We felt that 6+ years of knowledge should not die so this is the Titanium Community Questions & Answer Archive

Is Desktop Dead?

Are you guys still going to be working on Desktop? I need to make a decision to stick with Titanium, or move back to Air.

— asked August 7th 2010 by Bryce Wilkinson
3 Comments
  • Please roadmap…

    — commented September 7th 2010 by soo micro
  • Tell me it isn't so. I really only looked at TI for the desktop "time to market" advantage it offers. But now it's looking DOA.

    — commented November 24th 2010 by Rudy Lattae
  • I feel the same way. I’ve enjoyed working in Ti Desktop (and I do absolutely see the point of it), but am ready to see it mature, and hope it doesn’t just fall by the wayside.

    — commented December 13th 2010 by Joshua Pruitt

10 Answers

  • I don't see the point of Ti Desktop to be honest.
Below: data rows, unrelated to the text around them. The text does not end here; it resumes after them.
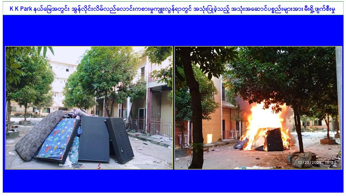၎င်းအပြင် KK park နှင့်ရွှေကုက္ကိုလ်နယ်မြေရှိ အွန်လိုင်းလိမ်လည်လောင်း ကစားမှု ကျူးလွန်ရာတွင် အသုံးပြုခဲ့သည့် ပစ္စည်းများအား ထပ်မံအသုံးပြုမှုမရှိစေရေးအတွက် ယနေ့တွင်လည်း စနစ်တကျမီးရှို့ဖျက်ဆီးခဲ့ကြောင်းနှင့် နိုင်ငံတော်အစိုးရအနေဖြင့် အွန်လိုင်းလိမ်လည် လောင်းကစားမှုကျူးလွန်မှုများကို အမျိုးသားရေးတာဝန်တစ်ရပ် အဖြစ်ခံယူကာ မြန်မာနိုင်ငံအတွင်း လုံးဝအခြေမပြုနိုင်ရေး ပြည်တွင်းအင်အားစုများ အပြင် အိမ်နီးချင်းနိုင်ငံအစိုးရများနှင့်လည်း ပေါင်းစပ်ညှိနှိုင်း၍ ဆက်လက်ဆောင်ရွက် သွားမည်ဖြစ်ကြောင်း သတင်းရရှိသည်။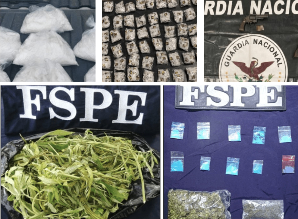 Entre las acciones realizadas, en el municipio de Irapuato, en la comunidad de Tomelopitos, fueron puestas a disposición dos personas a quienes se les localizaron 7 mil 645 dosis de drogas sintéticas; y en la comunidad La Soledad, se aseguraron 7 armas, 90 cartuchos de diferentes calibres y 50 dosis de drogas sintéticas.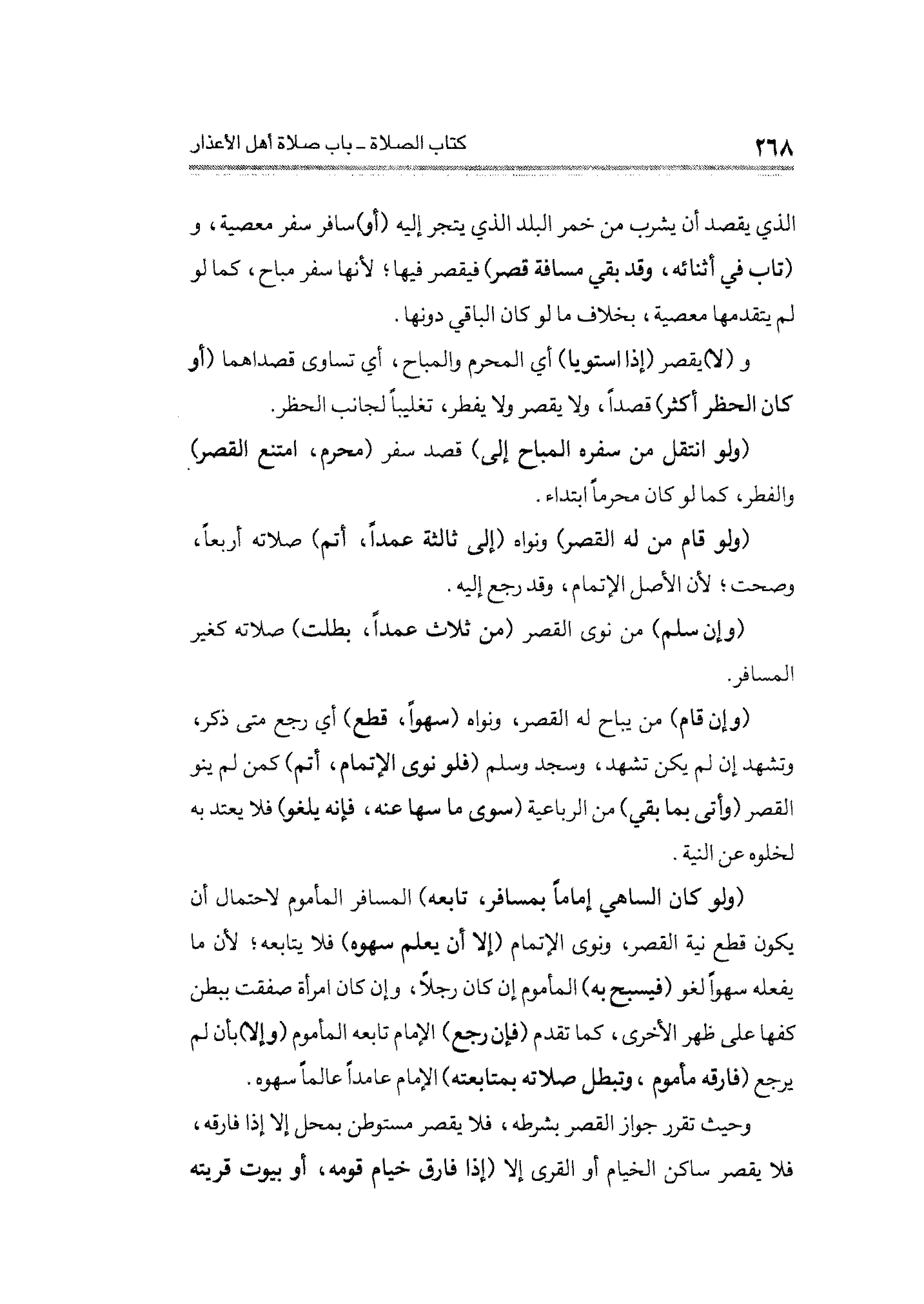 وحيث تقرر جواز القصر بشرطه، فلا يقصر مستوطن إلا إذا فارقه، فلا يقصر ساكن الخيام أو القرى إلا (إذا فارق خيام قومه، أو بيوت قريته

Ti Mobile fills a gap in a big way, but I can't see why you wouldn't use any one of a number of more mature alternatives on the desktop.

    IMO Titanium would do better to start on Windows Phone 7 support and drop Desktop.

    — answered August 11th 2010 by Alan Bourke
    permalink
    3 Comments
    • It does have a point to continue, and why you've created Titanium Desktop if you just let it die, if they didn't do this framework/wrapper in the first-place some of us here should have stayed in Adobe Air or maybe something else. If only adobe air is open sourced and we can remove sandbox-security bullsh!t, i wont be here or anyone, I hope you got the point.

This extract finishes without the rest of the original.